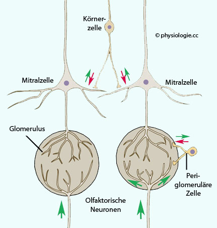 Mitral- oder Büschelzelle, und diese in den tractus olfactorius. Periglomeruläre und Körnerzellen werden von
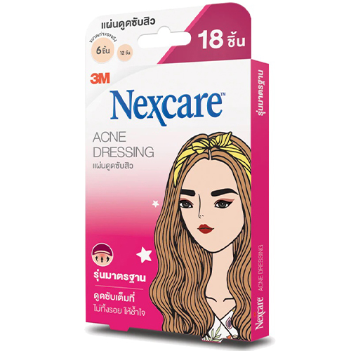 เริ่มกันที่ 3M Nexcare แผ่นแปะสิวในเซเว่นที่หาซื้อง่ายใน 7-11 และร้านขายยาทั่วไป โดยตัวนี้เป็นรุ่นมาตรฐาน ที่ช่วยดูดซับของเหลวใต้ผิวหนังอย่างหนองออกมา สิวอักเสบจึงยุบเร็ว แห้งไวยิ่งขึ้น เพราะแผ่นแปะผลิตจากสารไฮโดรคอลลอยล์ที่ดูดซับของเหลวใต้ผิวที่เป็นสิวได้เป็นอย่างดี แถมยังช่วยปกป้องสิวจากสิ่งสกปรกและแบคทีเรียอีกด้วย ที่สำคัญแผ่นแปะมีมากถึง 18 ชิ้น เรียกได้ว่าคุ้มสุดๆ
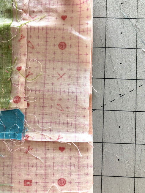 This little patchwork block is supposed to be 10½” square, but it actually came out closer to 10⅝” square. I needed to trim off 1/16" from each side for a total of ⅛” adjustment.
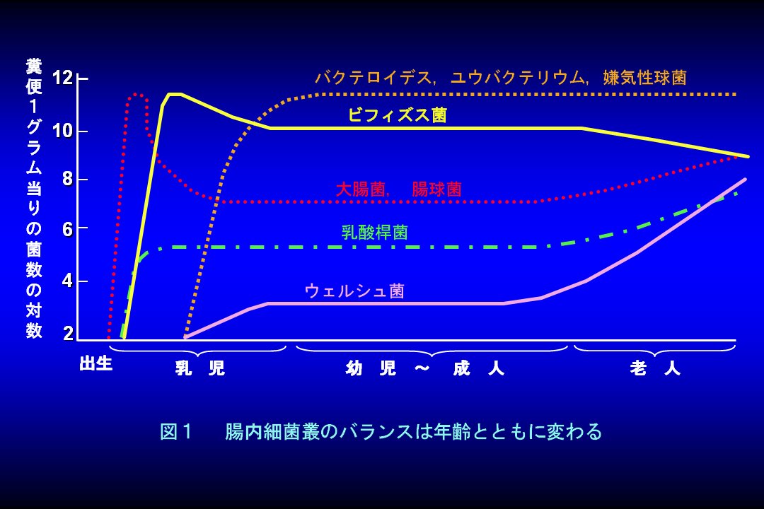 乳児が離乳食を摂るようになると、腸内細菌のバランスは成人のパターンに似てきます。幼児から成人の腸内細菌のバランスはバクテロイデス、ユウバクテリウム、嫌気性連鎖球菌などの嫌気性菌が最も優勢となり、ビフィズス菌は腸内細菌全体の10~20%程度に減少します。一方、大腸菌や腸球菌は総菌数の100分の1以下にすぎません。このように、幼児以後の腸内環境は乳児に比べるとはるかに悪いのです。
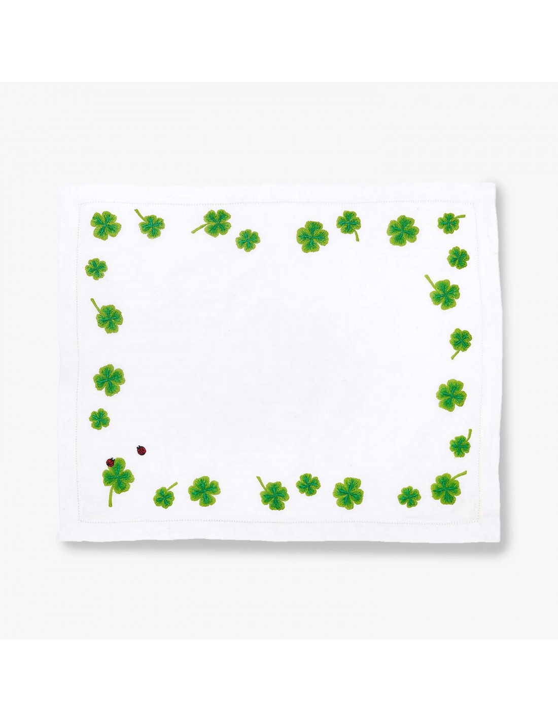 Un refinado mantel individual de lino, decorado con tréboles de la suerte y adorables mariquitas bordados a mano.

What to work on: Would you please copy, exactly and only, the lines from the one with "乳児が離乳食を摂るようになる" through the end of the entries above, skipping every picture?

Response to the exercise:
 乳児が離乳食を摂るようになると、腸内細菌のバランスは成人のパターンに似てきます。幼児から成人の腸内細菌のバランスはバクテロイデス、ユウバクテリウム、嫌気性連鎖球菌などの嫌気性菌が最も優勢となり、ビフィズス菌は腸内細菌全体の10~20%程度に減少します。一方、大腸菌や腸球菌は総菌数の100分の1以下にすぎません。このように、幼児以後の腸内環境は乳児に比べるとはるかに悪いのです。
 Un refinado mantel individual de lino, decorado con tréboles de la suerte y adorables mariquitas bordados a mano.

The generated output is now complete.